YOUR GOAL:
Copy every record exactly, and keep the pictures out.

━━━━━━━━━━━━━━━━━━━━━━━━━━━━━━

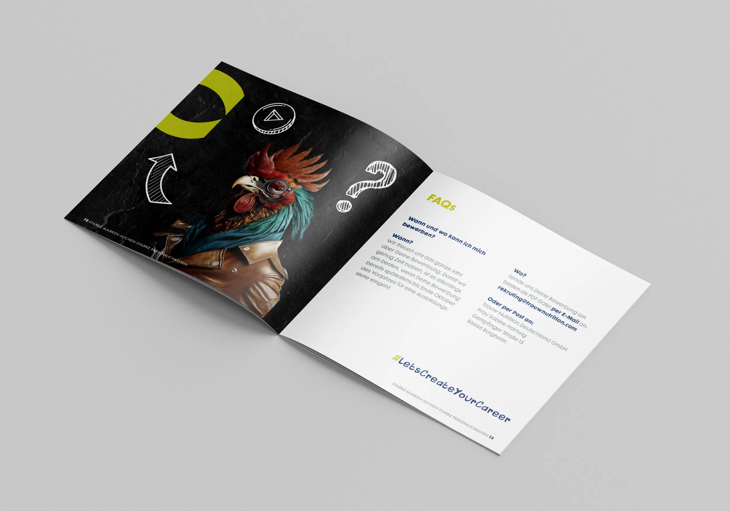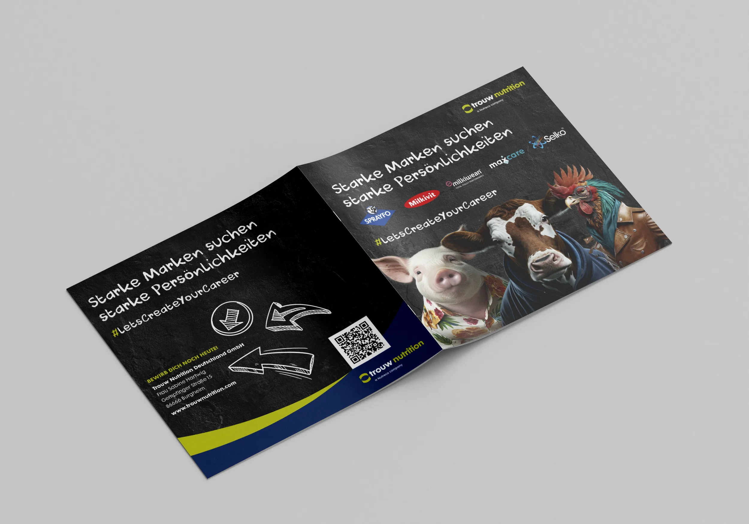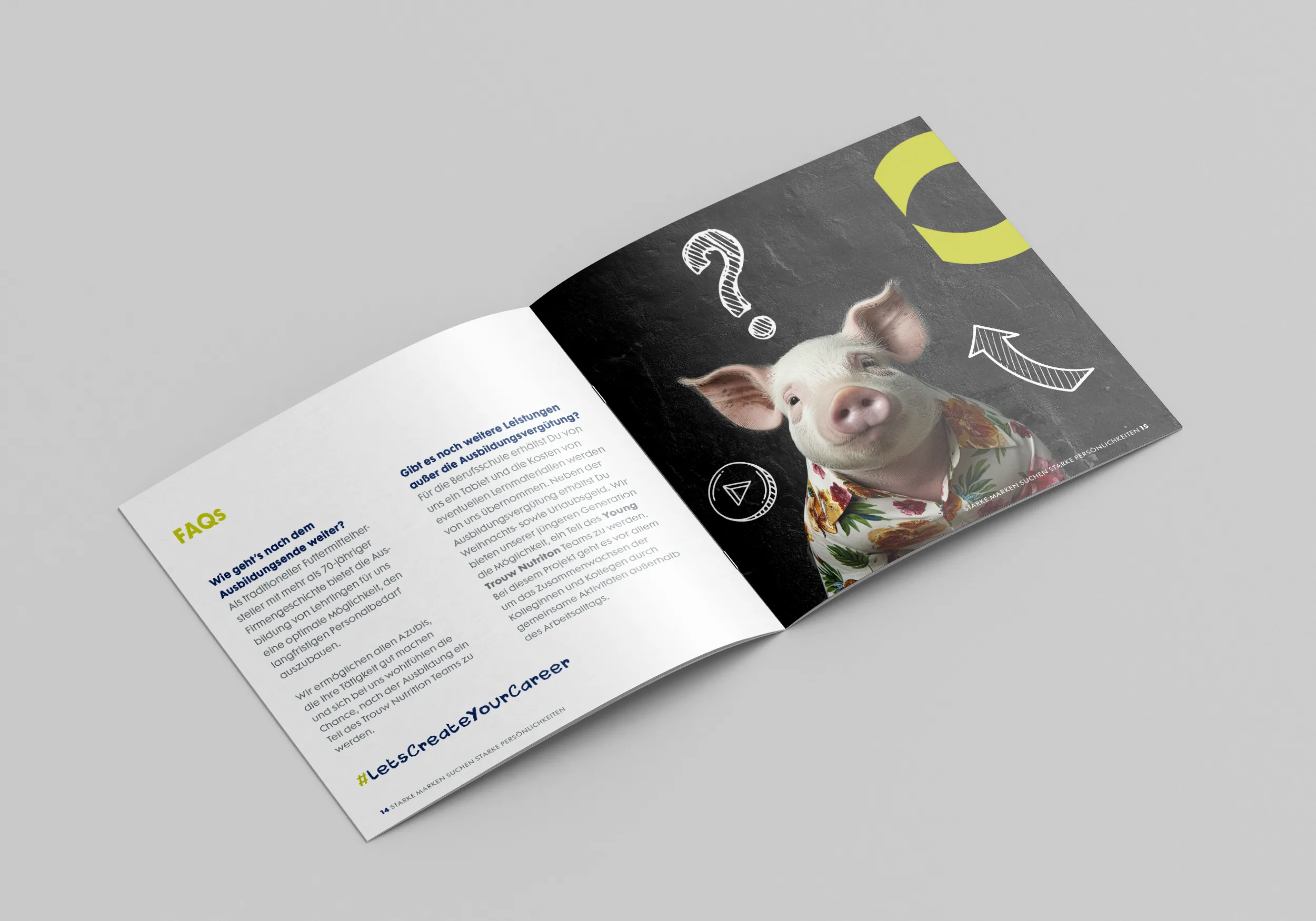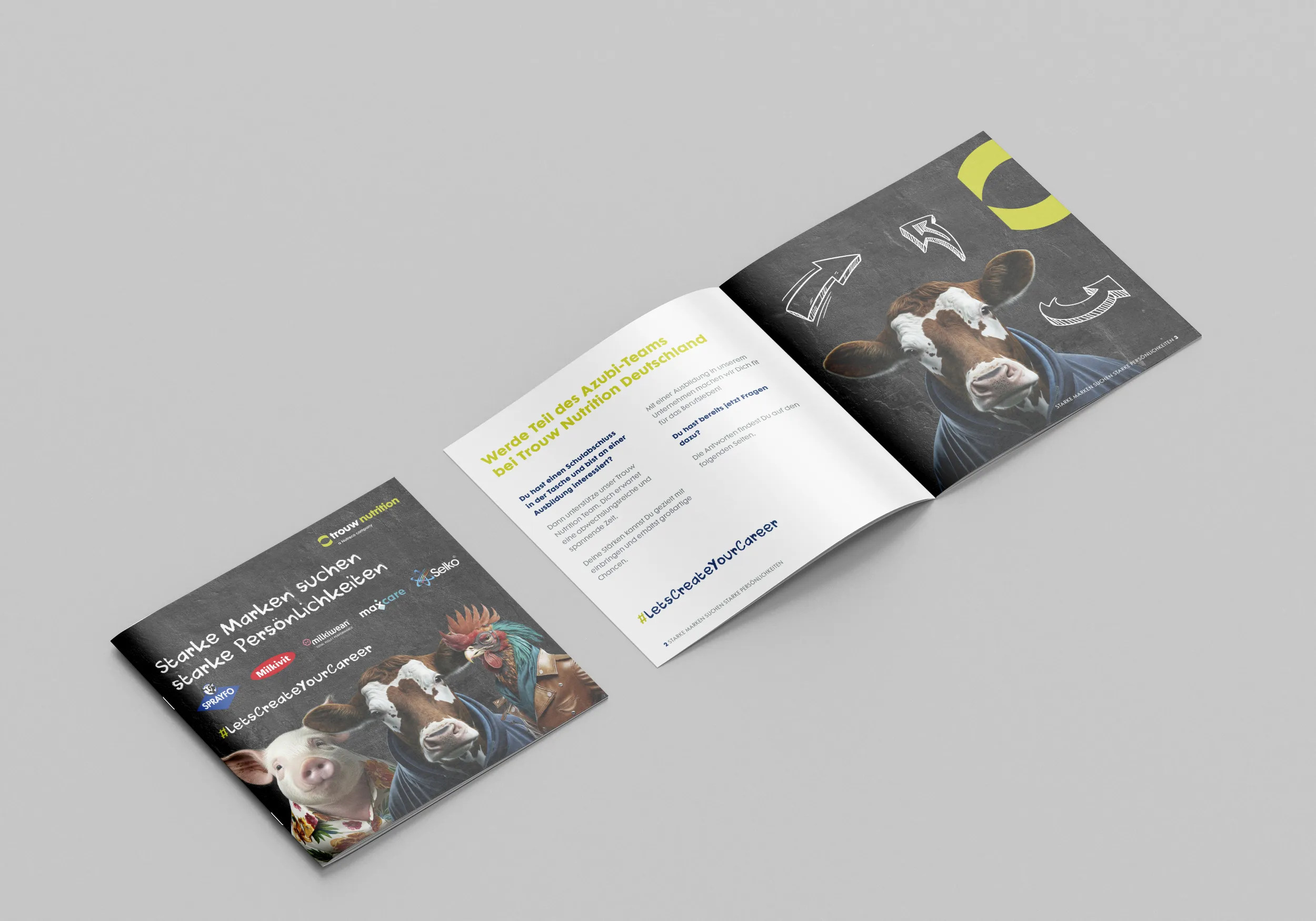Unser langjähriger Kunde Trouw Nutrition Deutschland GmbH beauftragte uns mit der Konzeption, inhaltlichen Ausarbeitung sowie der gestalterischen Umsetzung einer 20-seitigen Azubi-Broschüre mit dem Titel „Starke Marken suchen starke Persönlichkeiten.“
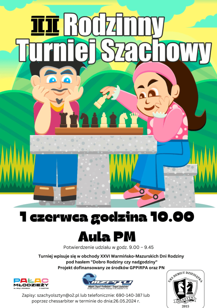 Serdecznie zapraszamy na „II Rodzinny Turniej Szachowy”, który odbędzie się 1 czerwca o godz. 10:00 w Pałacu Młodzieży w Olsztynie. Wstęp wolny
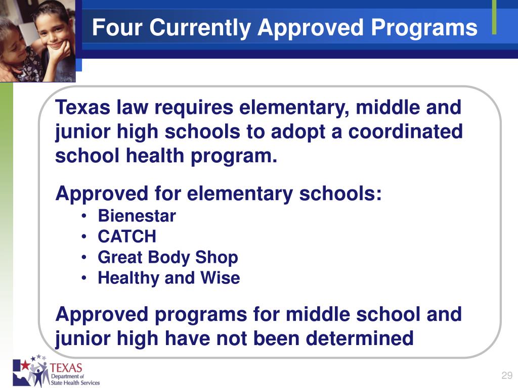 Four Currently Approved Programs • Texas law requires elementary, middle and junior high schools to adopt a coordinated school health program. • Approved for elementary schools: • Bienestar • CATCH • Great Body Shop • Healthy and Wise • Approved programs for middle school and junior high have not been determined
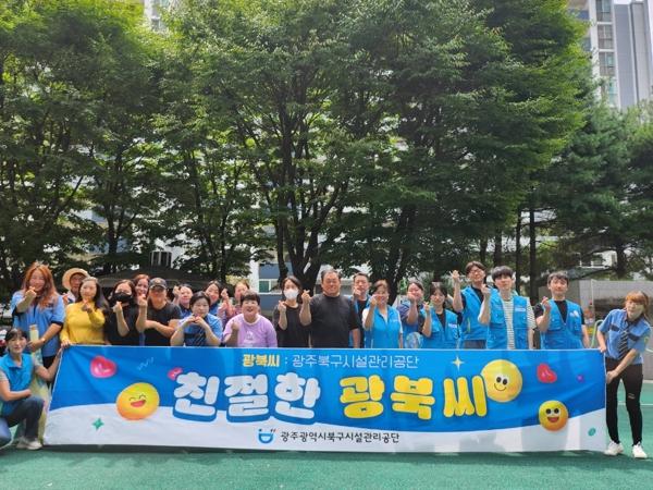 광주광역시북구시설관리공단이 지난 11일 두암주공2단지 내 주차장에서 지역 어르신, 장애인, 아동 등 취약계층 약 400여명을 대상으로'참! 좋은 사랑의 밥차'무료 급식 자원봉사활동에 참여했다.
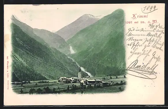 AK Krimml, Ortsansicht mit Blick in die Berge
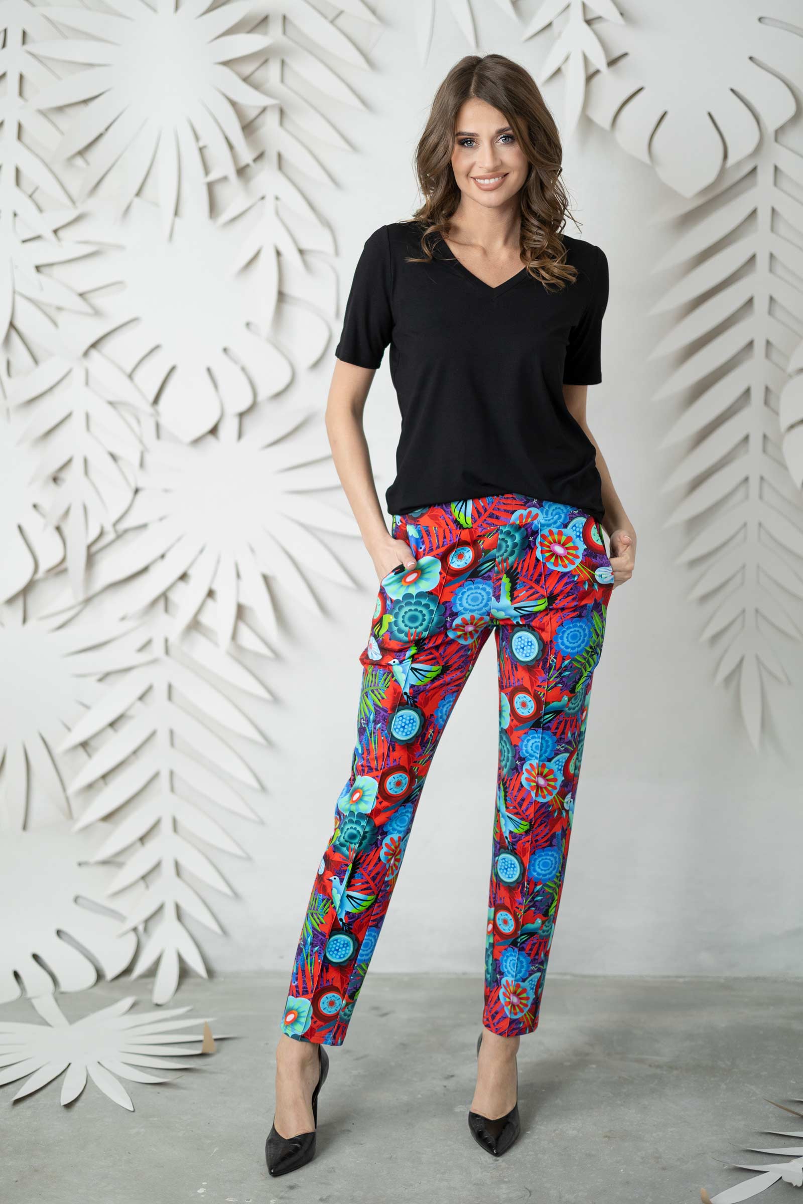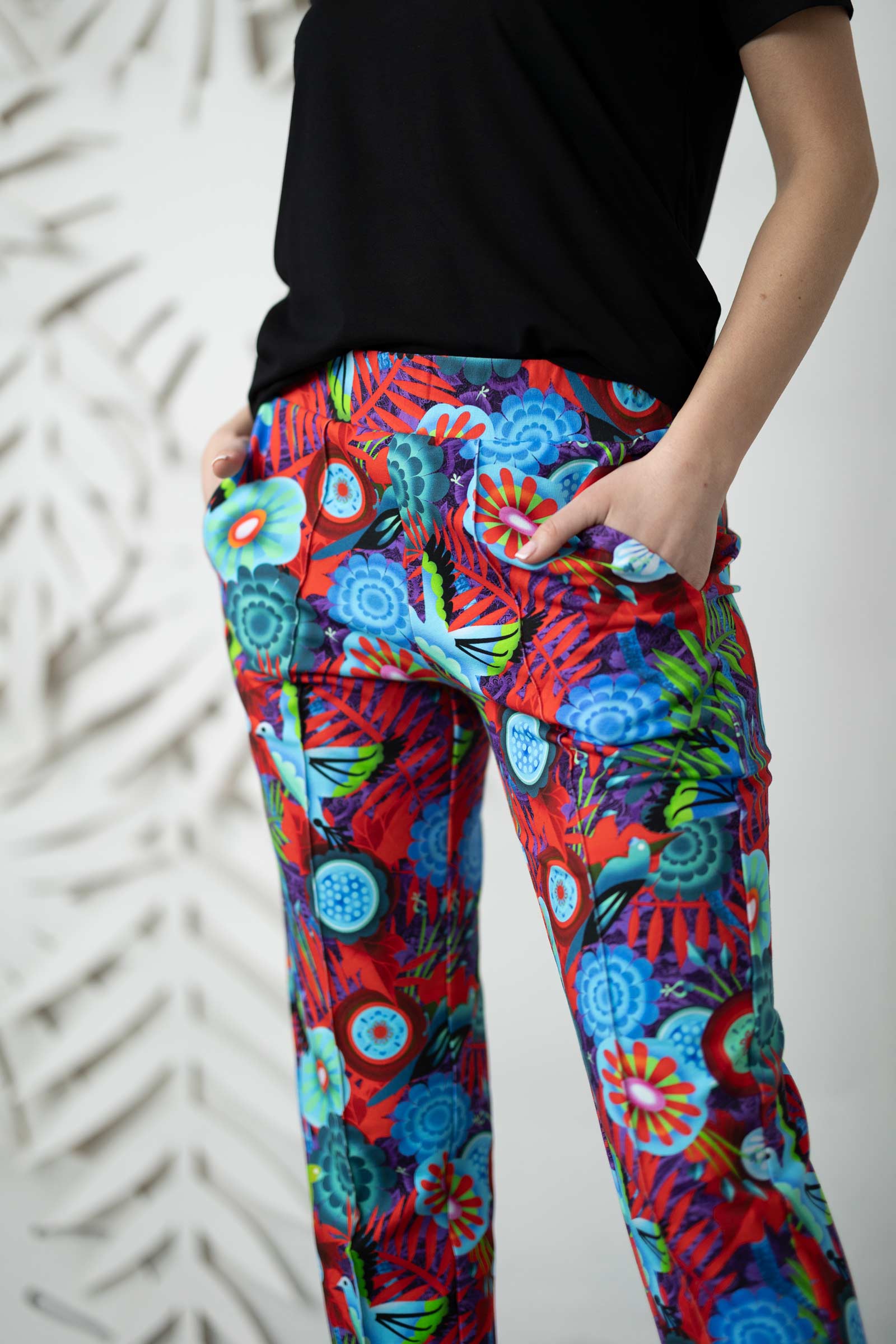 Oryginalny, autorski wzór materiału został zaprojektowany przez założycielkę i właścicielkę marki Katarzynę Gałaj, co sprawia, że spodnie są unikalne. Uszyte ręcznie w naszej pracowni w Legionowie, dzięki czemu gwarantujemy najwyższą jakość wykonania.
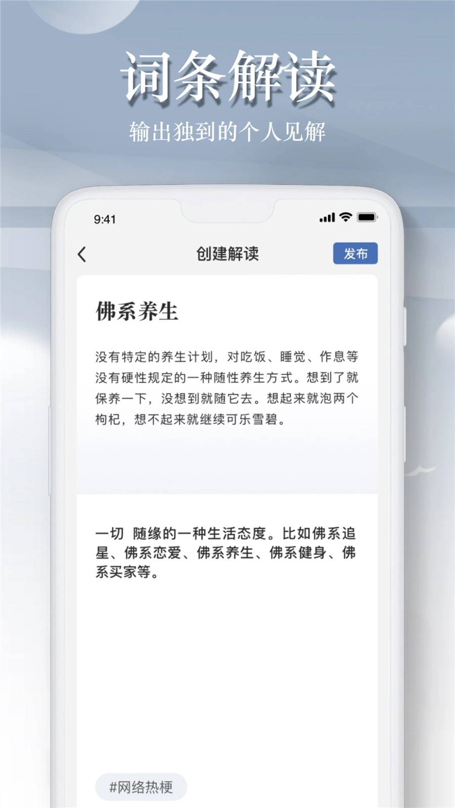 1.词条解读,输出独特的个人观点,实时了解更多内容;
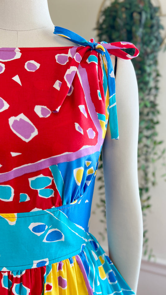 1980s 1990s DEADSTOCK Rose Tie Straps Sundress | medium
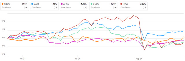 So far, KBDC is holding its own, trailing only Main Street Capital.

━━━━━━━━━━━━━━━━━━━━━━━━━━━━━━

COMPLETED EXERCISE:
Unser langjähriger Kunde Trouw Nutrition Deutschland GmbH beauftragte uns mit der Konzeption, inhaltlichen Ausarbeitung sowie der gestalterischen Umsetzung einer 20-seitigen Azubi-Broschüre mit dem Titel „Starke Marken suchen starke Persönlichkeiten.“
 Serdecznie zapraszamy na „II Rodzinny Turniej Szachowy”, który odbędzie się 1 czerwca o godz. 10:00 w Pałacu Młodzieży w Olsztynie. Wstęp wolny
 Four Currently Approved Programs • Texas law requires elementary, middle and junior high schools to adopt a coordinated school health program. • Approved for elementary schools: • Bienestar • CATCH • Great Body Shop • Healthy and Wise • Approved programs for middle school and junior high have not been determined
 광주광역시북구시설관리공단이 지난 11일 두암주공2단지 내 주차장에서 지역 어르신, 장애인, 아동 등 취약계층 약 400여명을 대상으로'참! 좋은 사랑의 밥차'무료 급식 자원봉사활동에 참여했다.
 AK Krimml, Ortsansicht mit Blick in die Berge
 Oryginalny, autorski wzór materiału został zaprojektowany przez założycielkę i właścicielkę marki Katarzynę Gałaj, co sprawia, że spodnie są unikalne. Uszyte ręcznie w naszej pracowni w Legionowie, dzięki czemu gwarantujemy najwyższą jakość wykonania.
 1.词条解读,输出独特的个人观点,实时了解更多内容;
 1980s 1990s DEADSTOCK Rose Tie Straps Sundress | medium
 So far, KBDC is holding its own, trailing only Main Street Capital.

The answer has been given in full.